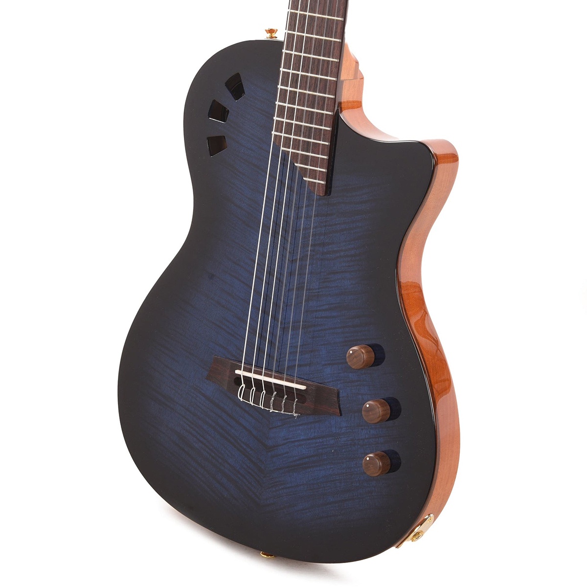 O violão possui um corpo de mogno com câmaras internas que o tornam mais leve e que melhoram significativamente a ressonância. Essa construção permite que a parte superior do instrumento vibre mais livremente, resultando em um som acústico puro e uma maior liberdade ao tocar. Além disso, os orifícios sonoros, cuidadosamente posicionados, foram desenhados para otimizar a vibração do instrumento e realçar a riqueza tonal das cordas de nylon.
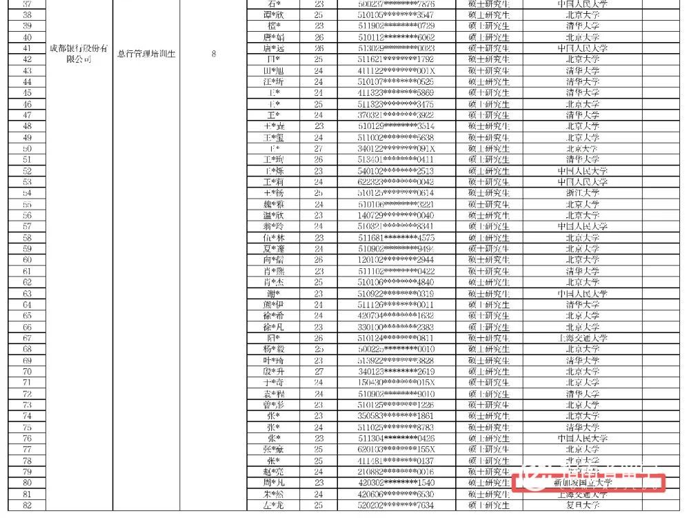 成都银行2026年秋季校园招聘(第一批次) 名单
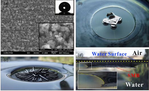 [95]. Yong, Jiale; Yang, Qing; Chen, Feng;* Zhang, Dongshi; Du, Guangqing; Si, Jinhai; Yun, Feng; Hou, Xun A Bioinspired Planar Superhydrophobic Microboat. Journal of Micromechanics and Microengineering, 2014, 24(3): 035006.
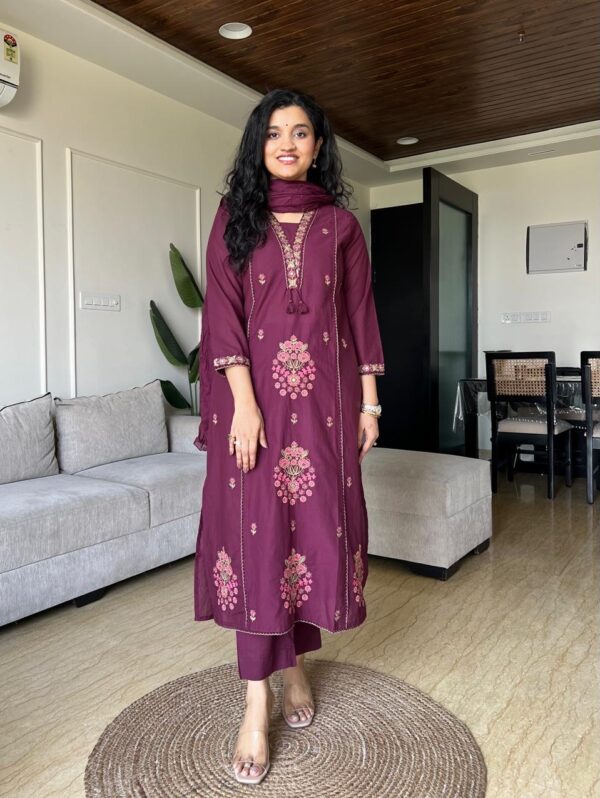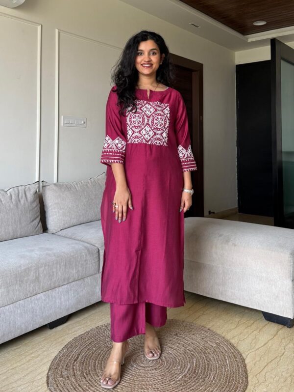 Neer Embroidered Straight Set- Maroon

_Brief_
Reproduce the material word for word, minus the images.

_Exercise solution_
 O violão possui um corpo de mogno com câmaras internas que o tornam mais leve e que melhoram significativamente a ressonância. Essa construção permite que a parte superior do instrumento vibre mais livremente, resultando em um som acústico puro e uma maior liberdade ao tocar. Além disso, os orifícios sonoros, cuidadosamente posicionados, foram desenhados para otimizar a vibração do instrumento e realçar a riqueza tonal das cordas de nylon.
 成都银行2026年秋季校园招聘(第一批次) 名单
 [95]. Yong, Jiale; Yang, Qing; Chen, Feng;* Zhang, Dongshi; Du, Guangqing; Si, Jinhai; Yun, Feng; Hou, Xun A Bioinspired Planar Superhydrophobic Microboat. Journal of Micromechanics and Microengineering, 2014, 24(3): 035006.
 Neer Embroidered Straight Set- Maroon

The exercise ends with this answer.